The last project I worked on at Novell was using very early Linux (’93 and ’94) in a product (Linux as the OS base for a product) that Novell intended to give away as a desktop OS offering. We called it internally Corsair. To my knowledge the first time Linus Torvalds, creator of Linux, came to the US, from his native Finland, was at my invitation to come to Utah, at our expense, to see me and our team. We did a great deal with Linux at this time and this added, for me, additional weight to the benefits for useful platforms and how they can be successful. Linus was a brilliant young man, and I’m sure still is a brilliant somewhat older man now, with just the right mixture of technical prowess, an easy-going demeanor but also stern personality traits that played an almost indescribable role in the advancement of not only Linux but opensource and platforms. He changed the world in ways that would take me volumes to describe from even my very limited view. I was lucky to have met him early in his, and my, career.
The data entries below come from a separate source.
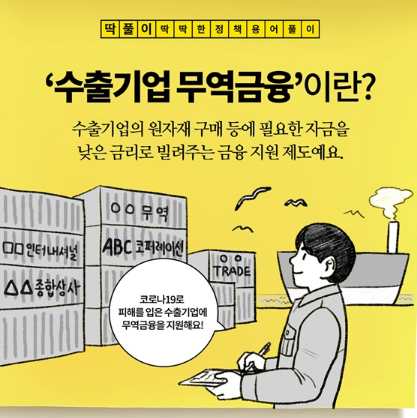 ‘수출기업 무역금융’이란 수출기업의 원자재 구매 등에 필요한 자금을 낮은 금리로 빌려주는 금융 지원 제도예요.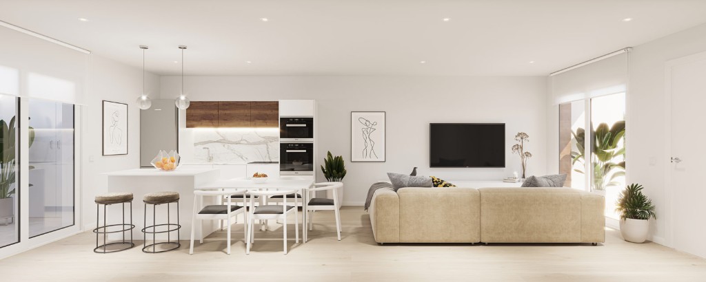 New build townhouses for sale in San JavierWe are pleased to offer new townhouses in San Javier, Costa Blanca South.Beautiful two levels townhouses with 2 bedrooms, 2 bathrooms, a bright living room and a kitchen. Each house has a garden area and swimming pool. This is a great area, close to the unique Mar Menor, a small sea resort, famous for its healing mud. In a few minutes the unique sandy beaches of the Mar Menor lagoon. Mar Menor - a natural saltwater lagoon separated from the Mediterranean Sea. Pure water of the Mar Menor is not deep and warms up rapidly, even in winter the temperature rarely drops below 18 degrees. Here you will find a well-developed infrastructure: supermarkets, shops, restaurants with fine Mediterranean cuisine, a variety of water sports, health clinics, schools and more.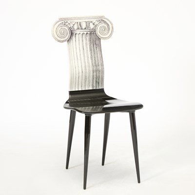 Piero Fornasetti Printed and Painted Wood “Capitello Iconico” Side Chair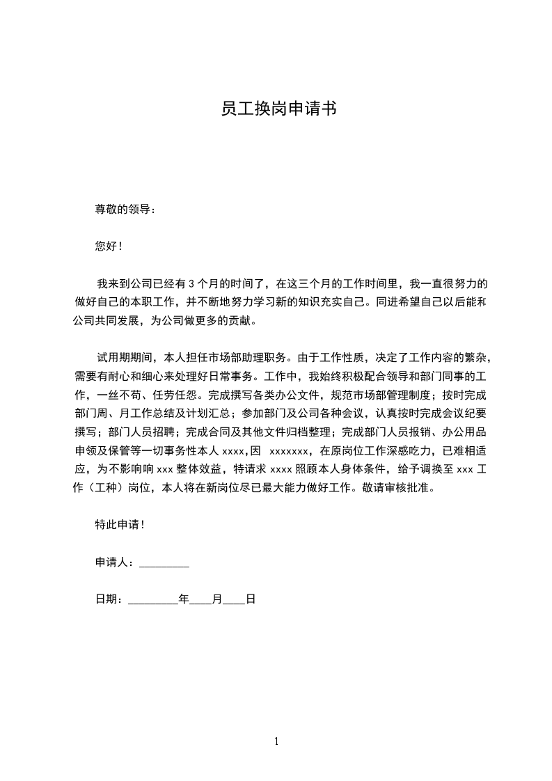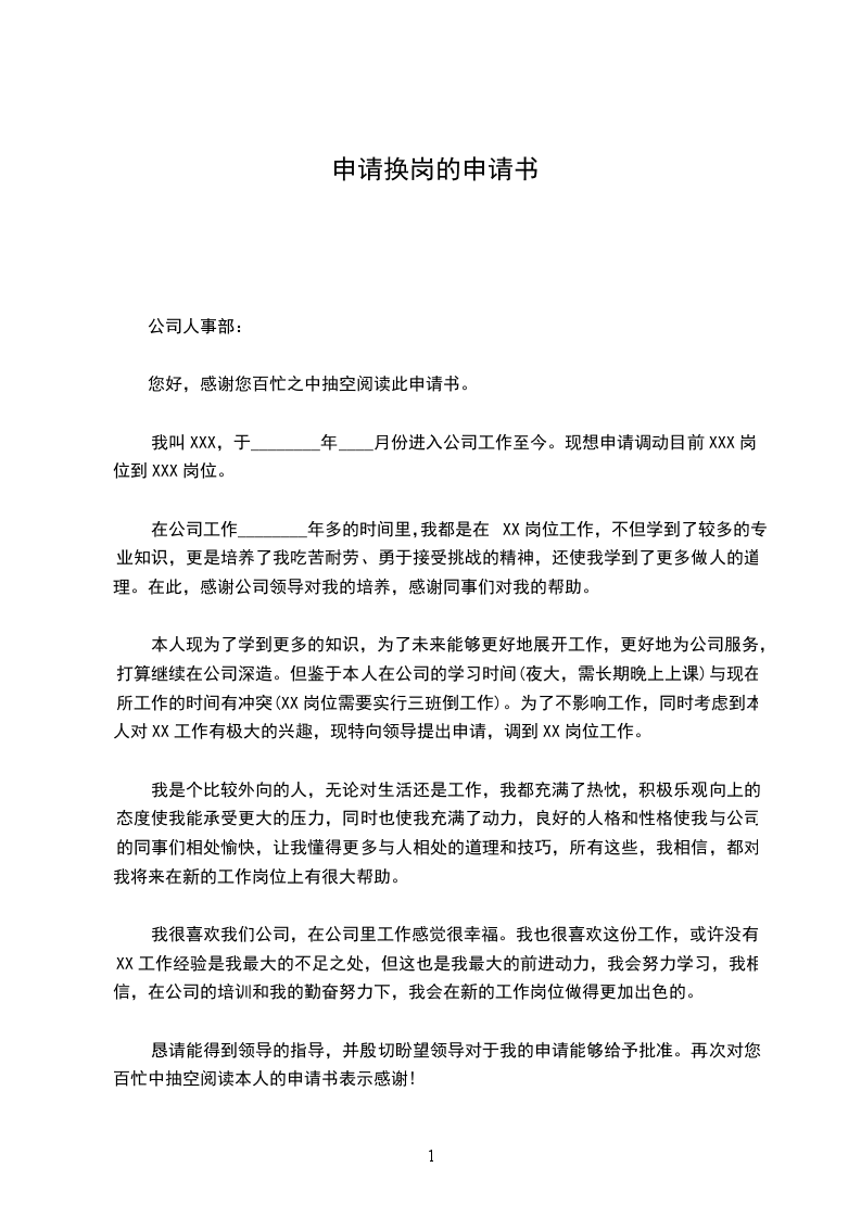 我叫XXX,于________年____月份进入公司工作至今。现想申请调动目前XXX岗位到XXX岗位。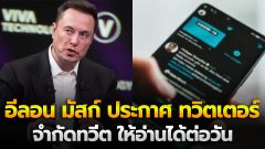 "อีลอน มัสก์" ประกาศ ทวิตเตอร์จำกัดทวีตให้อ่านได้ต่อวัน บอกพักเสพสื่อและควรออกไปข้างนอกบ้าง
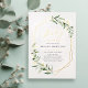Modern greenery baby shower invitation featured rustic watercolor botanical foliage greenery and real gold foil leaves and geometric frame, simple and elegant.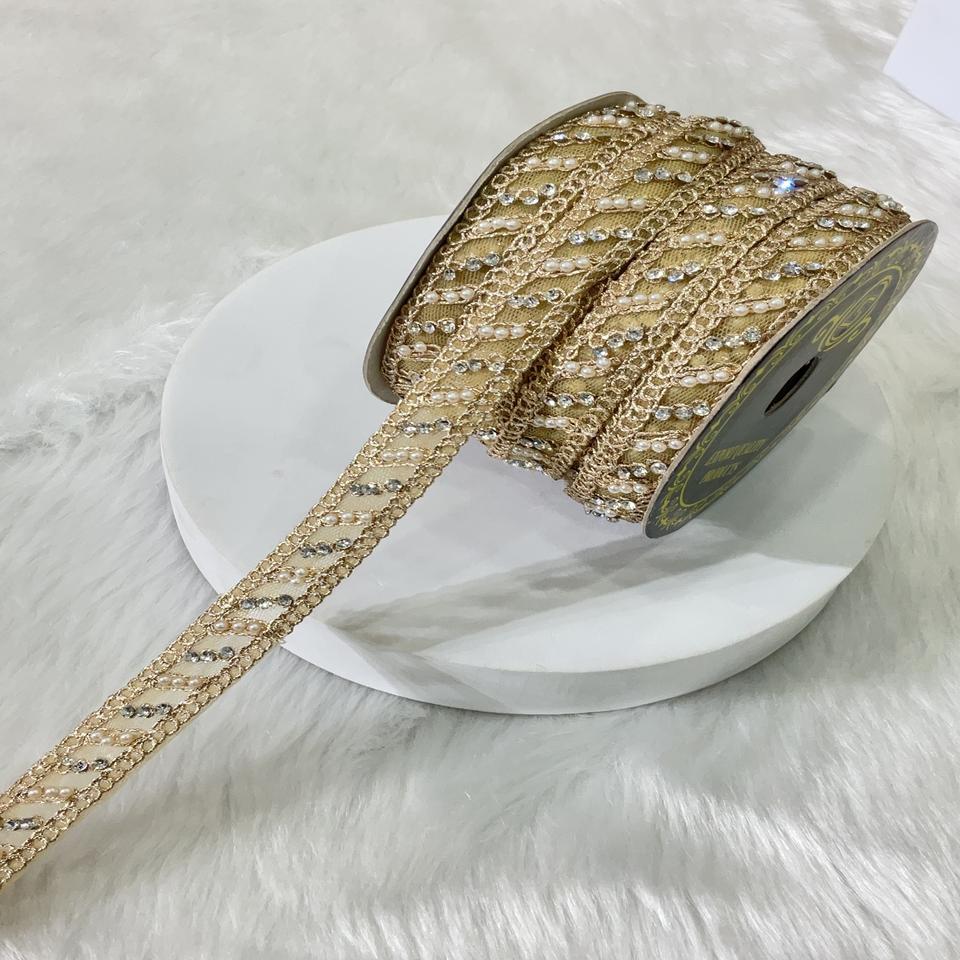 Exclusive Heavy Meat Beads Stones Thread Work Embroidery Elegant Wedding Border Lace Fabric for Dupattas Blouses Event Decor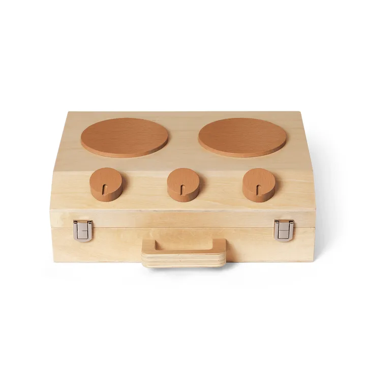 Το Σετ μαγειρικής Toro Suitcase Kitchen για παιδιά από τη Ferm Living είναι μία πλήρης μινιατούρα κουζίνα επιδέξια συσκευασμένη σε μία φορητή βαλίτσα. Το σετ, το οποίο είναι κατασκευασμένο από πιστοποιημένο ξύλο οξιάς FSC™, περιλαμβάνει μία κατσαρόλα, ένα τηγάνι και διάφορα εργαλεία, ιδανικό για να εμπνεύσει το δημιουργικό παιχνίδι των παιδιών. Ο συμπαγής σχεδιασμός το καθιστά εύκολο για ταξίδια ή για χρήση στο σπίτι.

Just a bit more on Linus and Linux. There are many, many attributes that contributed to the success of Linux but one of these attributes early on was Linus’ decision to not only opensource Linux but to do so under the GNU General Public License (GPL). A discussion on the genesis of GNU (the recursive acronym of GNU’s Not Unix), the GPL and Richard Stallman is beyond the scope of this blog post, though it would be long, interesting, and entertaining, I believe. This publishing Linux under the GPL was a great move, in my opinion, and that combined with Linus’ knowledge and personality was pivotal to Linux success early on and even until now. There are many wonderful articles that give context on why the GPL license was so important and that is outside of the scope of this blog post but interesting reads, nonetheless.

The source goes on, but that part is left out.